ABOUT THIS EXERCISE
Starting at the line with "Trendi, világoskék farmer" and stopping at the final line, retype the data below exactly; do not carry over any pictures.

SUPPLIED MATERIAL

——

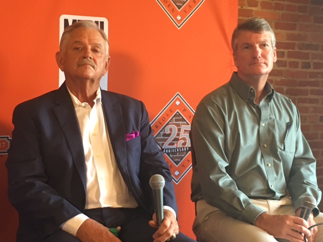 Reliever Mark Williamson (at right, Rick Dempsey is at left) on the unique placement of the double-decked bullpen in left-center field: “We had a great view of everything. You could actually see what hitters were doing throughout the course of a game. So that if you knew that odds are that you’re gonna come in and see whatever person you were gonna have to face, you could actually see the game, which was a novel concept. You were real close to the fans, and the fans could sit there and were probably like, seeing guys warming up, were like, ‘Yeah, I could hit that.’”
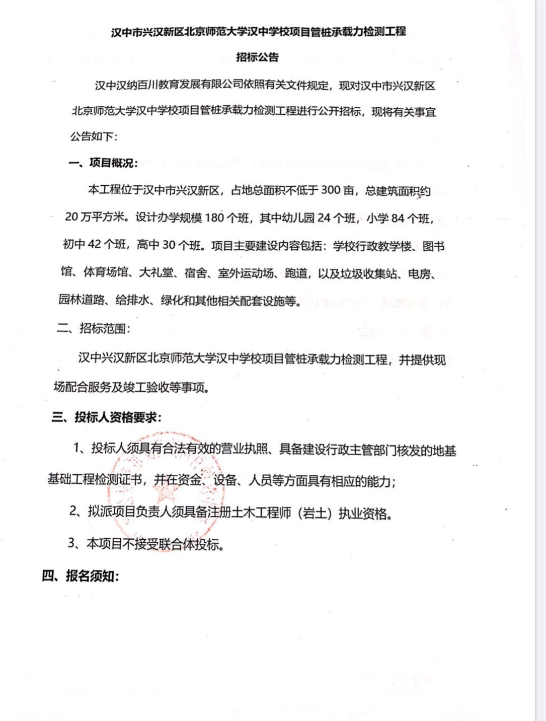 漢中市興漢新區北京師范大學漢中學校項目管樁承載力檢測工程招標公告 漢中漢納百川教育發(fā)展有限公司...
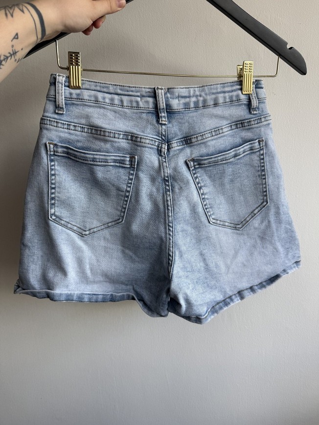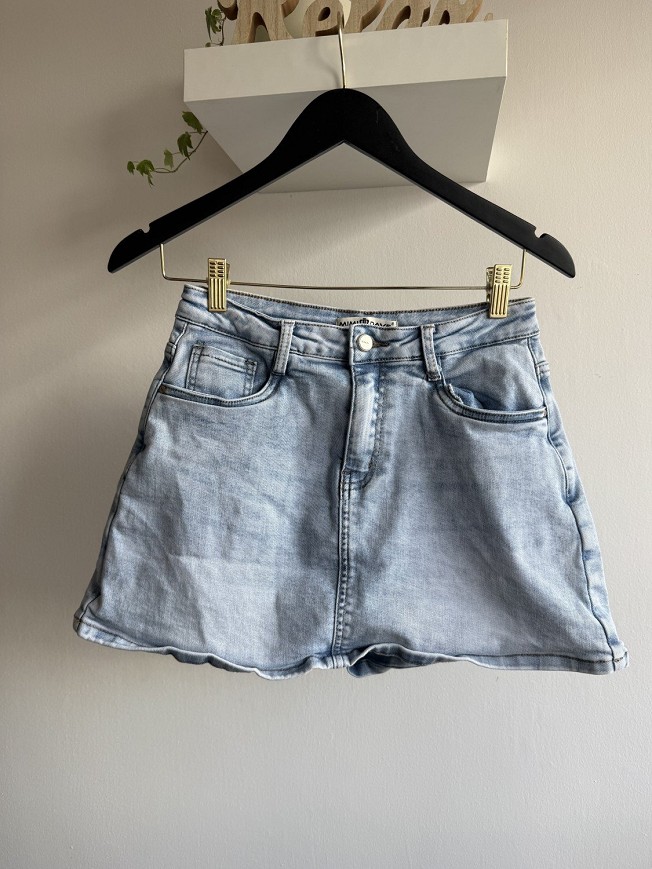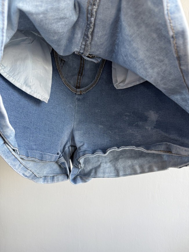 Trendi, világoskék farmer szoknya, amely belül rövidnadrágos kialakítású, így kényelmes és biztonságos viselet. Magas derekú fazon, klasszikus zsebekkel – tökéletes nyári darab pólóval, toppal vagy bodyval. ☀️
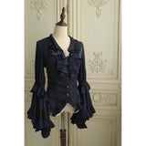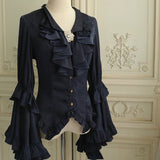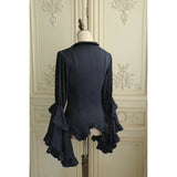 中世の貴婦人を想起させるクラシカルで幻想的な印象を放つブラウス。胸元に流れるように施されたダブルフリルが、華やかさと甘さを絶妙に両立させています。袖は複数段に重なるティアードフリルで構成され、動きに合わせて優雅に揺れます。裾はアシンメトリーに尖り、ウエストラインを引き締めつつ、エレガントなフレアを描きます。重厚感と上品さを演出してくれるアイテム。

——

ANSWER TO THE PROBLEM
 Trendi, világoskék farmer szoknya, amely belül rövidnadrágos kialakítású, így kényelmes és biztonságos viselet. Magas derekú fazon, klasszikus zsebekkel – tökéletes nyári darab pólóval, toppal vagy bodyval. ☀️
 中世の貴婦人を想起させるクラシカルで幻想的な印象を放つブラウス。胸元に流れるように施されたダブルフリルが、華やかさと甘さを絶妙に両立させています。袖は複数段に重なるティアードフリルで構成され、動きに合わせて優雅に揺れます。裾はアシンメトリーに尖り、ウエストラインを引き締めつつ、エレガントなフレアを描きます。重厚感と上品さを演出してくれるアイテム。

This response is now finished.